On Wed, Aug 19, 2020 at 12:54 PM Masahiko Sawada
<masahiko(dot)sawada(at)2ndquadrant(dot)com> wrote:
>
> On Tue, 18 Aug 2020 at 13:06, Amit Kapila <amit(dot)kapila16(at)gmail(dot)com> wrote:
> >
> >
> > I don't think we need to expose LVRelStats. We can just pass the
> > address of vacrelstats->offset_num to achieve what we want. I have
> > tried that and it works, see the
> > v6-0002-additinal-error-context-information-in-heap_page_ patch
> > attached. Do you see any problem with it?
>
> Yes, you're right. I'm concerned a bit the number of arguments passing
> to heap_page_prune() might get higher when we need other values to
> update for errcontext, but I'm okay with the current patch.
>

Yeah, we might need to think if we want to increase the number of
parameters but not sure we need to worry at this stage. If required, I
think we can either expose LVRelStats or extract a few parameters from
it and form a separate structure that could be passed to
heap_page_prune.

> Currently, we're in SCAN_HEAP phase in heap_page_prune() but should it
> be VACUUM_HEAP instead?
>

I think it is currently similar to what we do in progress reporting.
We set to VACUUM_HEAP phase where the progress reporting is also set
to *HEAP_BLKS_VACUUMED. Currently, heap_page_prune() is covered under
*HEAP_BLKS_SCANNED, so I don't see a pressing need to change the error
context phase for heap_page_prune(). And also, we need to add some
more smarts in heap_page_prune() for this which I want to avoid.

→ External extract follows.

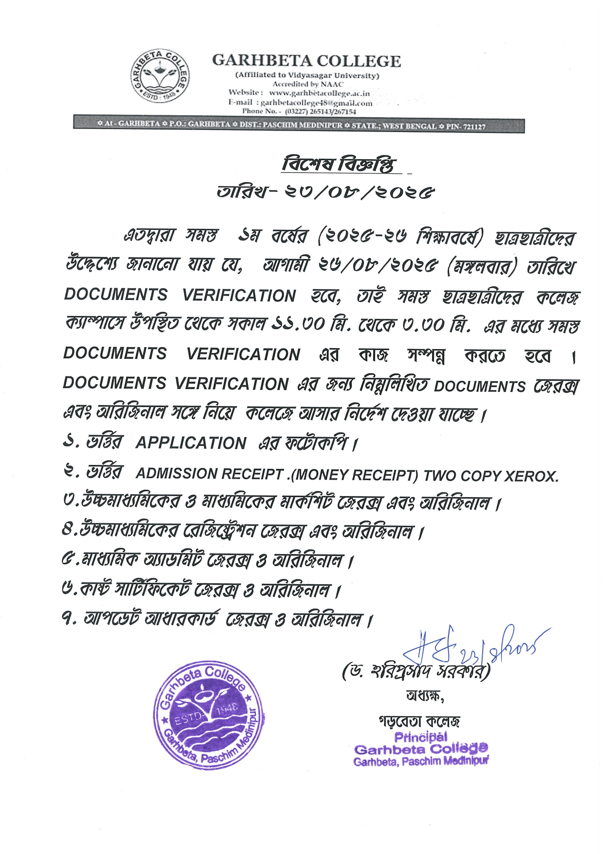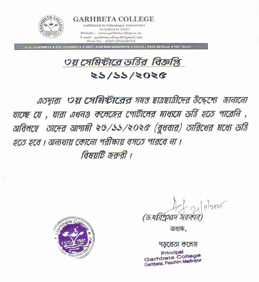 It is my immense pleasure to welcome all the students joining Garhbeta College for pursuing their higher studies during the session 2022-2023. Garhbeta College is one of the oldest colleges in the undivided Midnapore District in the post independence period. The college was established on 13th August, 1948 and we have celebrated the 75th years of establishment on 13th August, 2022 in a befitting manner. A three day programme has been organized on and from 13-15th August,2022 to celebrate the historic moment of our college. This academic session is very much important to all of us as it is treated as ‘75th Anniversary Year’ of Garhbeta College which will be completed by a similar colourful occasion on 13th August , 2023. A beautiful souvenir has been published to commemorate the great occasion. The college authority has decided to construct a ‘SMARAK BHAVAN’ ......
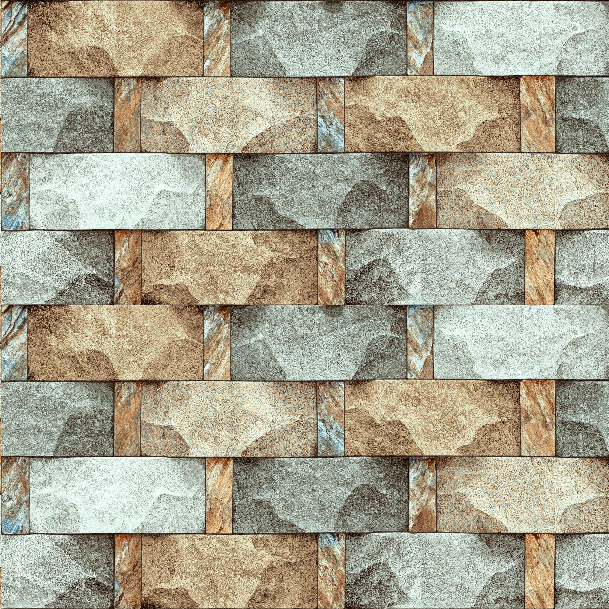 Узор, имитирующий каменную стену, является отличным решением для оформления коридоров, залов, а также декора гостиной, кухни или ванной комнаты. Цвета таких оттенков, как коричневый, бежевый, ржавый, серый, синий, песочный. Светотень, создающая впечатление 3D-эффекта, придаст помещению дополнительную глубину, а правильное расположение каменных блоков внесет гармонию и ритм в интерьер.

> Also, I've tested the patch with log_min_messages = 'info' and get the
> following sever logs:
>
..
>
> This is not directly related to the patch but it looks like we can
> improve the current errcontext settings. For instance, the message
> from lazy_vacuum_index(): there are two messages reporting the phases.
> I've attached the patch that improves the current errcontext setting,
> which can be applied before the patch adding offset number.
>

After your patch, I see output like below with log_min_messages=info,

2020-08-20 10:11:46.769 IST [2640] INFO: scanned index "idx_test_c1"
to remove 10000 row versions
2020-08-20 10:11:46.769 IST [2640] DETAIL: CPU: user: 0.06 s, system:
0.01 s, elapsed: 0.06 s
2020-08-20 10:11:46.769 IST [2640] CONTEXT: while vacuuming index
"idx_test_c1" of relation "public.test_vac"

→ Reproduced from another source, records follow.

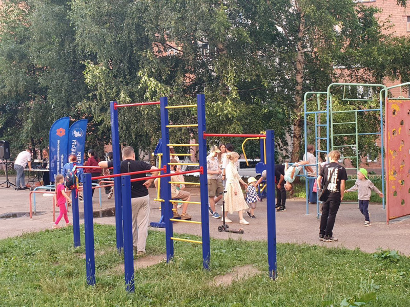На спортплощадку у дома 142а по ул. Горького пришли дети, их родители, представители старшего поколения. Главным героем праздника стал старый добрый персонаж – Петрушка, который играл и танцевал с участниками.
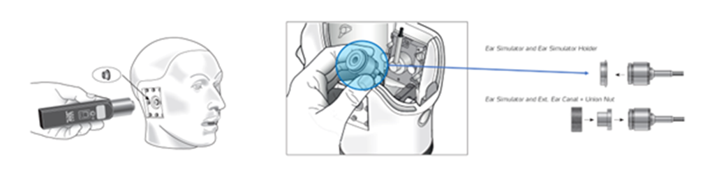 就在今年6月(2022年),GRAS的仿真耳产品也开始全面支持TEDS功能,这将使得耳机测试等需要用到仿真耳或相关治具的测试可以享有同等的便利。以45BC仿真人头的校准来举例,原本的校准需要移除外耳廓,并搭配特殊的Adapter(如下图左),而针对人体工学耳廓的特殊Config还需要将内部的仿真耳完全拆下(如下图右)。但在引入TEDS功能后,只需轻松点击TEDS校准功能,即可自动获得仿真耳的灵敏度参数,十分便捷。
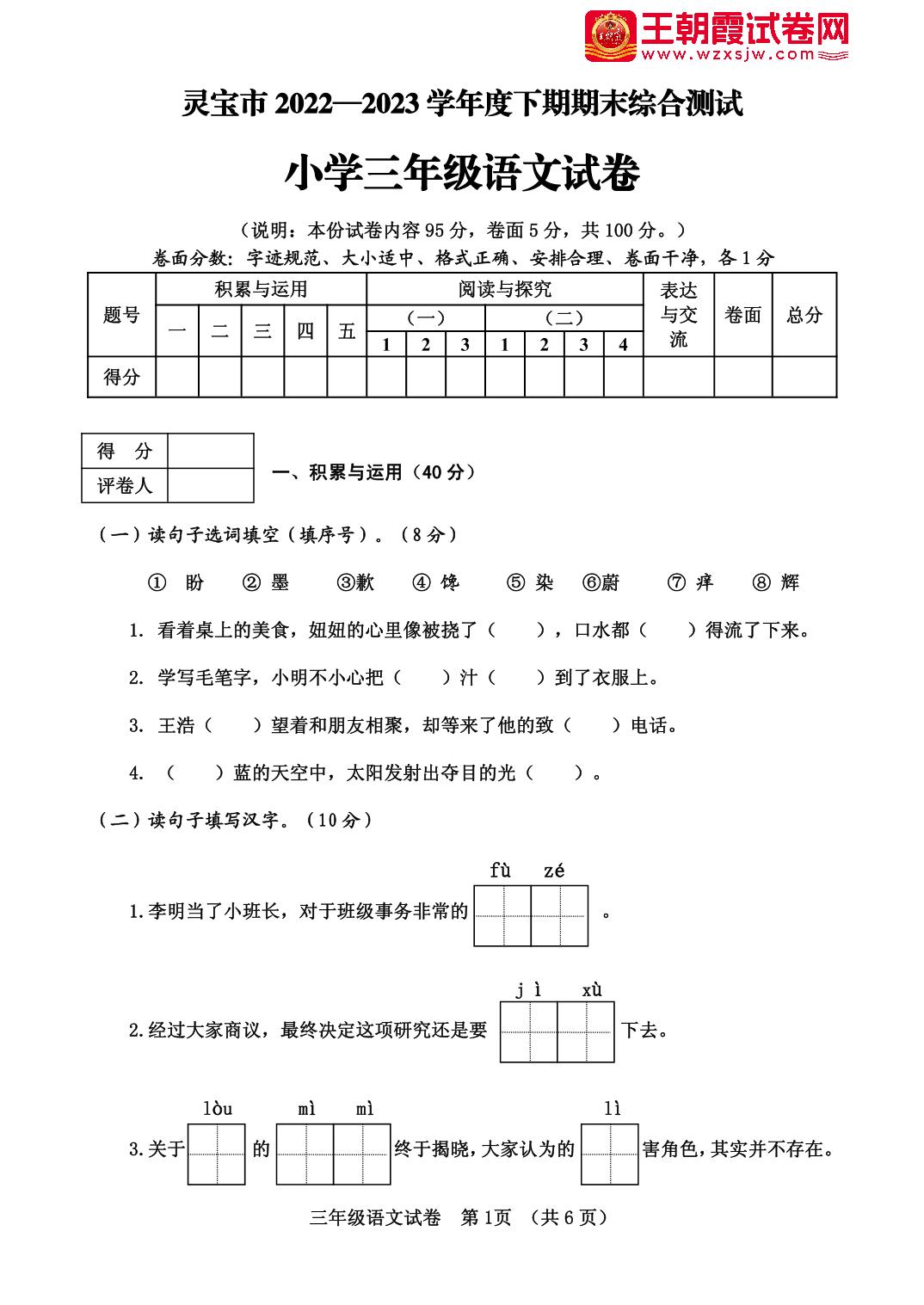 河南省三门峡市灵宝市2022—2023学年下学期期末综合测试三年级语文(人教版)

2020-08-20 10:11:46.901 IST [2640] INFO: scanned index "idx_test_c2"
to remove 10000 row versions
2020-08-20 10:11:46.901 IST [2640] DETAIL: CPU: user: 0.10 s, system:
0.01 s, elapsed: 0.13 s
2020-08-20 10:11:46.901 IST [2640] CONTEXT: while vacuuming index
"idx_test_c2" of relation "public.test_vac"

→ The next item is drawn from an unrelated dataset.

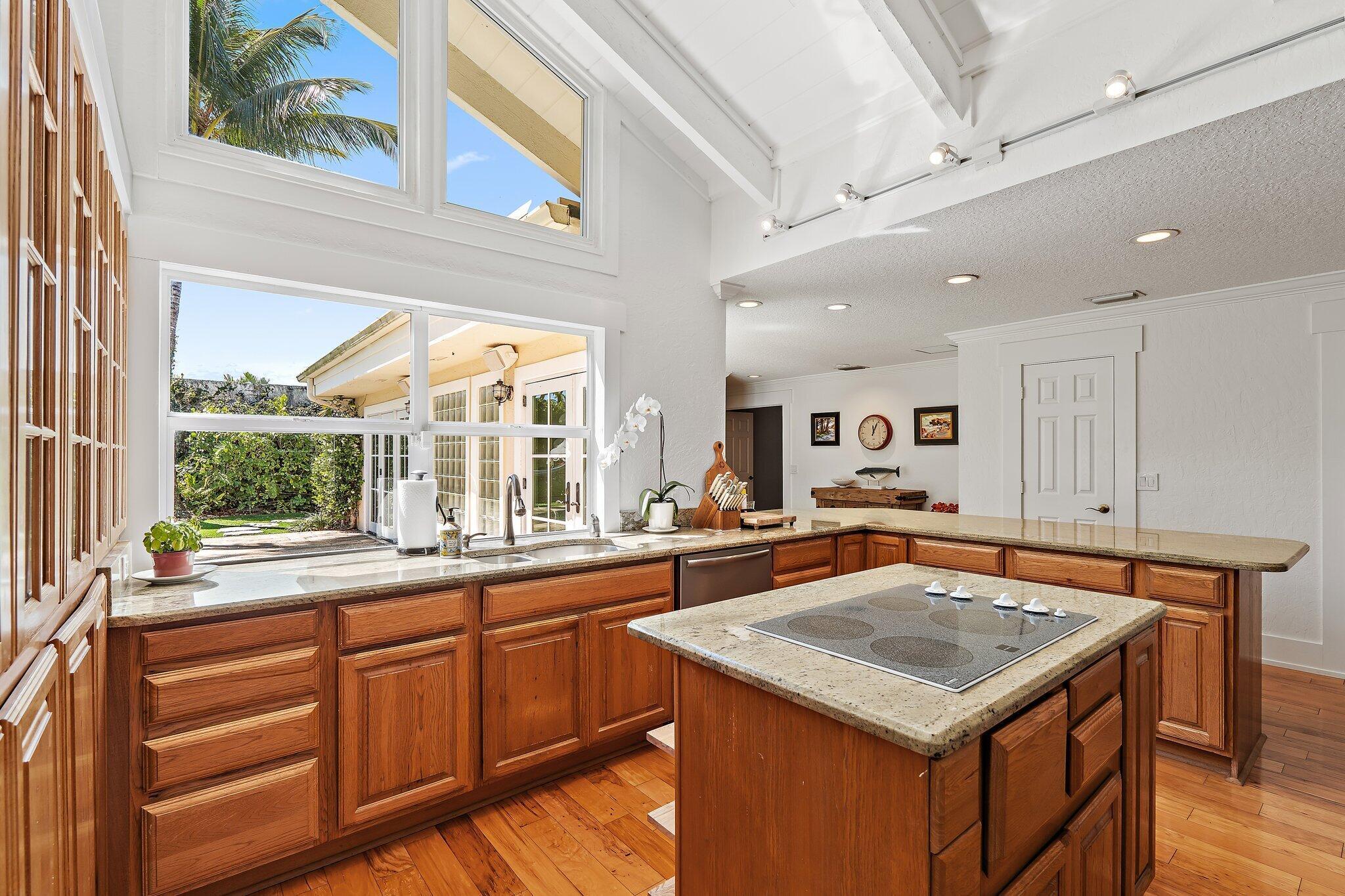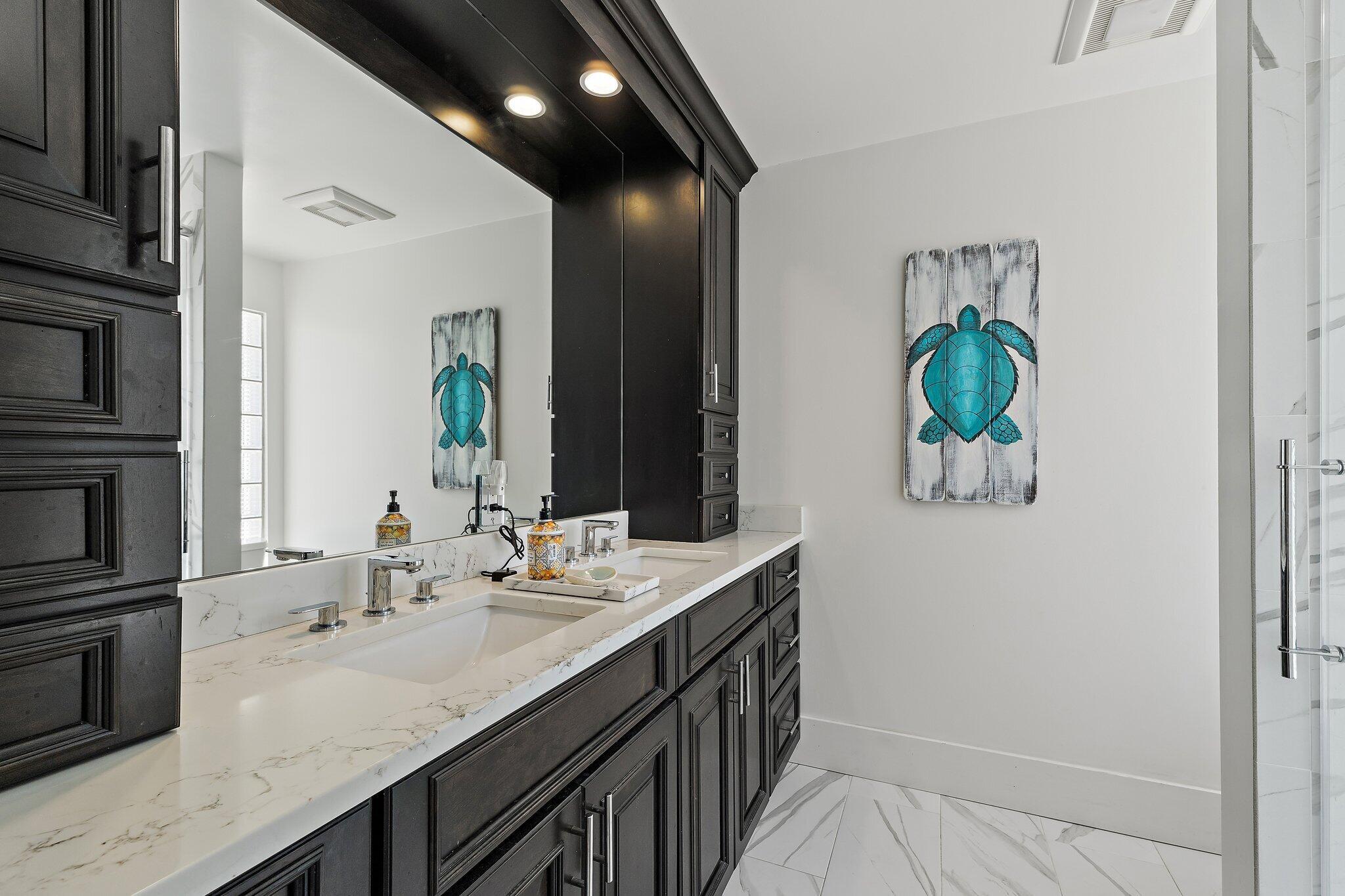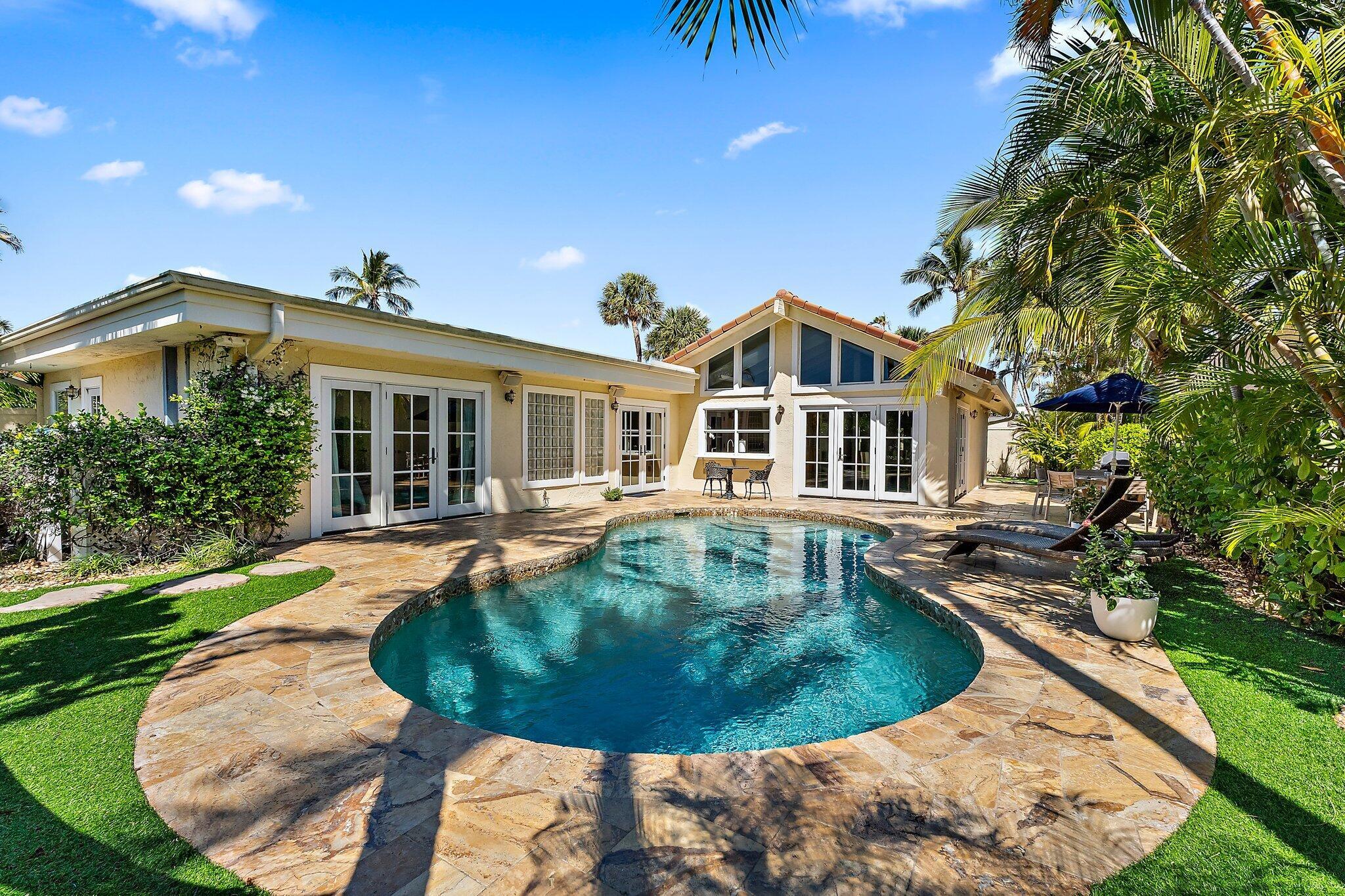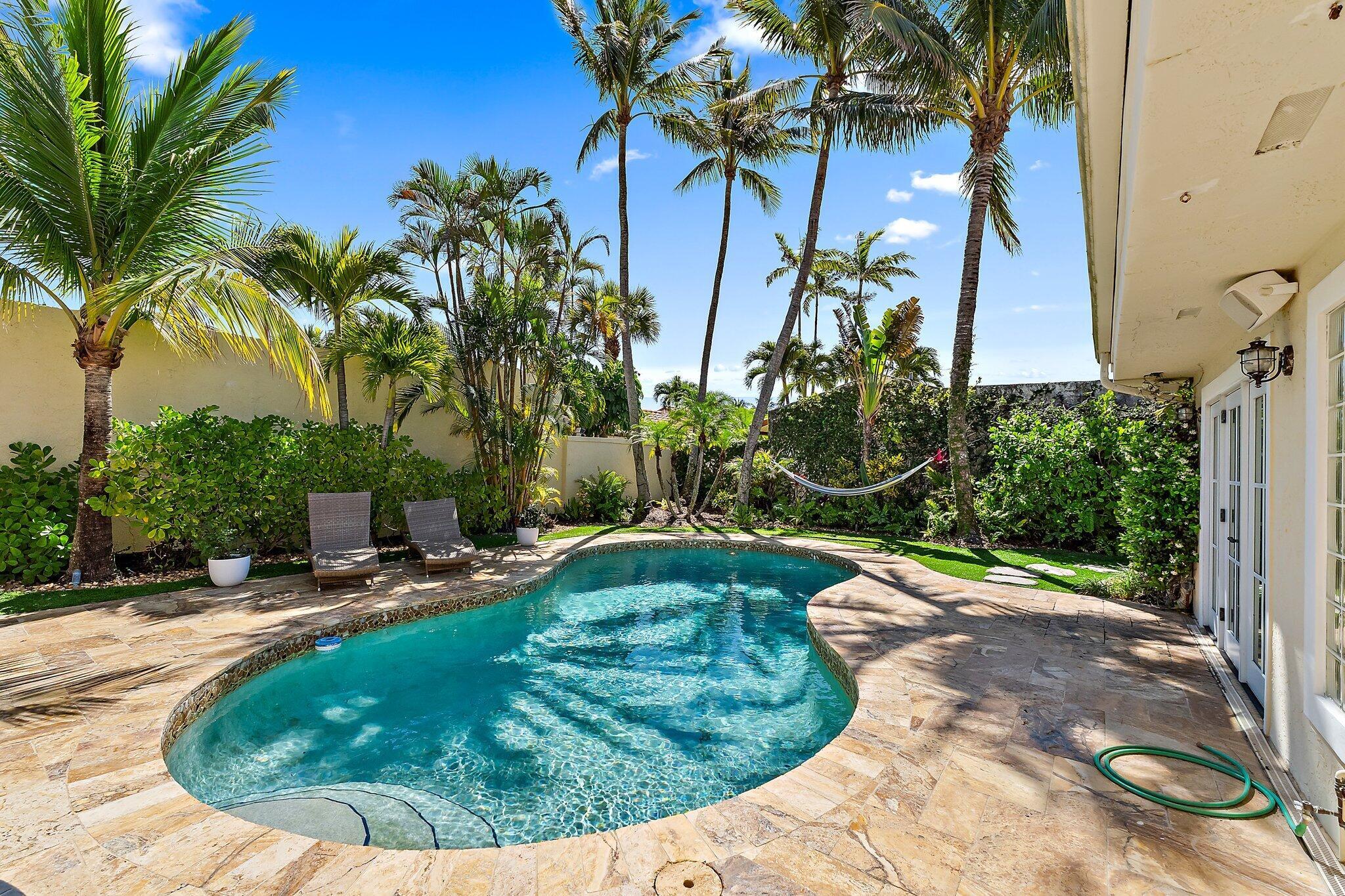 Charming beach home within steps to the Atlantic! Beautiful bright one story model with oversized master bedrooms (that can be converted back into a 3rd BR), with ensuite bathrooms and a bonus 1/2 bath. Open kitchen with huge countertop with stools. Hardwood floors. The private landscaped backyard includes travertine tiles and a summer kitchen with artificial turf throughout.

2020-08-20 10:11:46.917 IST [2640] INFO: "test_vac": removed 10000
row versions in 667 pages
2020-08-20 10:11:46.917 IST [2640] DETAIL: CPU: user: 0.01 s, system:
0.00 s, elapsed: 0.01 s

2020-08-20 10:11:46.928 IST [2640] INFO: index "idx_test_c1" now
contains 50000 row versions in 276 pages
2020-08-20 10:11:46.928 IST [2640] DETAIL: 10000 index row versions
were removed.
136 index pages have been deleted, 109 are currently reusable.
CPU: user: 0.00 s, system: 0.00 s, elapsed: 0.00 s.
2020-08-20 10:11:46.928 IST [2640] CONTEXT: while cleaning up index
"idx_test_c1" of relation "public.test_vac"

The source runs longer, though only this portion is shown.